Japan Out of Iranian Oil Project

A0194111.jpgTEHRAN (Fars News Agency)- An informed source said that as negotiations about Azadegan oil field development have entered their final stages it appears that Japan has not succeeded in attracting Iran’s positive attention for keeping the Japanese Inpex as a partner and that Tokyo seems to be evicted from the project.

The source who is privy to the ongoing talks between Japanese Inpex and Iran’s National Oil Company on the extension of Azadegan Oil Field, told FNA’s economic desk that negotiations have entered the final stages, “and while the two sides are about to wrap up talks today, Japanese officials failed to persuade Iranian officials to extend Tehran’s deadline to Inpex to commence execution of the project.”

“Yet, Inpex is still insisting on an extended deadline, while Iranian oil officials have already stated their 100-percent opposition to any such option, a trend meaning that the Japanese will have to say good bye to multi-billion-dollar project,” he continued.

Meantime, the source said that Japanese officials, including the new Minister of Economy, Trade and Industry Akira Amari, have declared that in case any sanctions are imposed on Iran, “Tokyo will follow suit.”

He also viewed transfer of a small portion of the contract to Inpex as unlikely, saying that the measure would not yield much profit for the Japanese company.
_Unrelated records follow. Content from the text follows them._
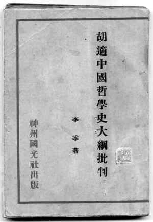 接下来,李季意气激昂的,把他在德国留学期间学到的辩证唯物论的观点和辩证法的方法,用社会发展的观点和阶级分析的方法,兼以古籍考证的方式,逐章逐条批评胡适《中国哲学史大纲》。据此,形成了一个框架明确、巨细兼顾的批判总纲,以十一个章节的规模,搭建出“反胡适”体系,将胡适推上思想史的“手术台”。
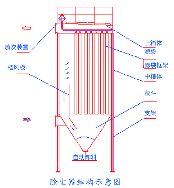 含氣體由灰斗上部進風(fēng)口進入后,在擋風(fēng)板的作用下,氣流向上流動,流速降低,部分大顆粒粉塵由于慣性力的作用被分離出來落入灰斗。含塵氣體進入中箱體經(jīng)濾袋的過濾口進入上箱體,由出風(fēng)口排出。
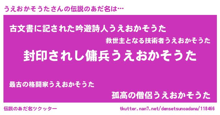 | ヘコむあだ名 | 『うえにゅー』『うえおかそうた(笑)』 |
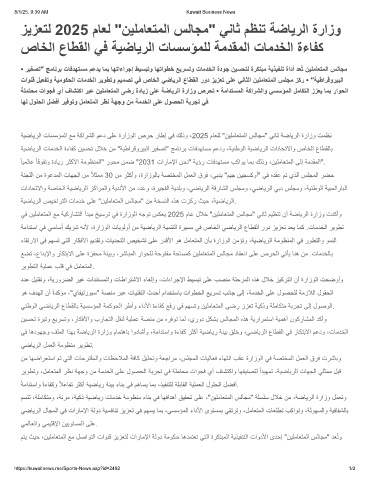 ﺔﻠﻣﺗﺣﻣ تاوﺟﻓ يأ فﺎﺷﺗﻛا رﺑﻋ نﯾﻠﻣﺎﻌﺗﻣﻟا ﻰﺿر ةدﺎﯾز ﻰﻠﻋ ﺔﺿﺎﯾرﻟا ةرازو صرﺣﺗ • ﺔﻣادﺗﺳﻣﻟا ﺔﻛارﺷﻟاو ﻲﺳﺳؤﻣﻟا لﻣﺎﻛﺗﻟا ززﻌﯾ ﺎﻣﺑ راوﺣﻟا
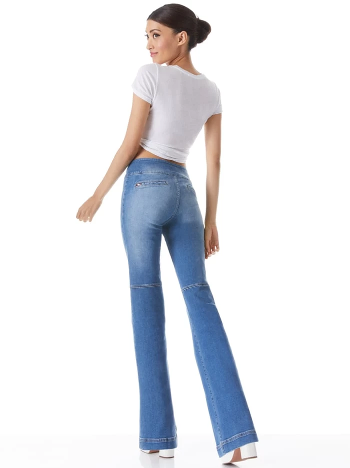 Our signature bootcut pant, now in denim that feels perfectly tailored for anything (office or after hours). The wide waistband is incredibly flattering (not that you need any help).
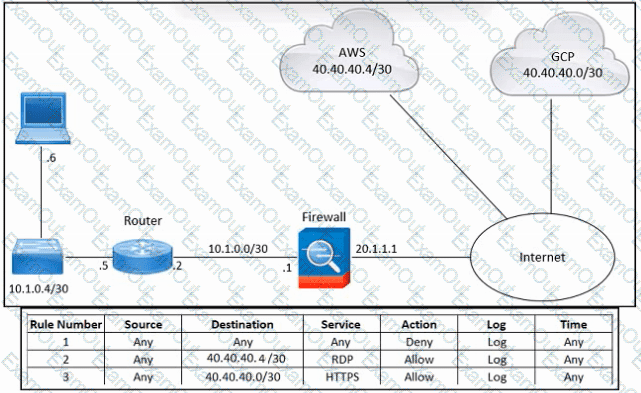 Refer to the exhibit. An engineer must provide RDP access to the AWS virtual machines and HTTPS access to the Google Cloud Platform virtual machines. All other connectivity must be blocked. The indicated rules were applied to the firewall; however, none of the virtual machines in AWS and Google Cloud Platform are accessible. What should be done to meet the requirement?
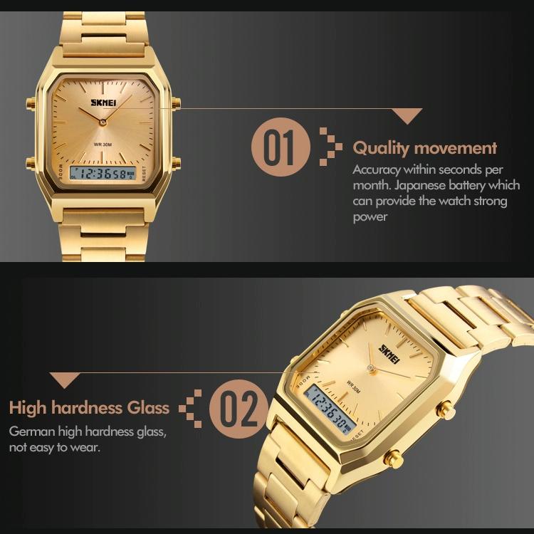 • 1 x 1220 Multifunctional Men Outdoor Business Noctilucent Waterproof Double Display Steel Watchband Wrist Watch

The source said that Iranian companies enjoy the capabilities required for the extension of the field and that the same idea has persuaded Iranian officials to put Inpex aside, after the Japanese stopped short of commencing the project.

Japan’s new Minister of Economy, Trade and Industry Akira Amari said on Saturday that Tokyo hopes to continue talks with Iran on tapping the Azadegan oil field beyond the Saturday deadline set by Tehran for the nation’s participation.

“I don’t believe Iran is really willing to stop talks so easily at this time,” Amari said, noting that Iran should clear land mines around the oil field and stop its uranium enrichment program so the project can start.

No matter Tehran accepts the first condition or not, it may never give up its enrichment activities as dangerous threats and pressures of the western powers could not force Iran to stop its nuclear plans. Hence, it seems that Iran should now think of a new partner for its Azadegan oil field.

Japan’s Inpex Corp. was granted a concession to develop Azadegan, one of the largest oil fields in the world, with expected production of 260,000 barrels a day. But Inpex has not started on the project because of international pressures being exerted over Iran’s nuclear activities, and the firm’s claim that land mines also pose a hindrance.

Iran has threatened to turn to China and Russia and cancel the Inpex concession if Japan fails to start by the deadline, which has been pushed back repeatedly, from the originally set Aug. 22 to Sept. 15, and then to yesterday.

Amari called on Tehran to abide by the United Nations resolution calling on Iran to halt its nuclear enrichment efforts, so the oil field project can get under way, meaning that this is the end to Iran-Japan contract on the development of Azadegan oil field.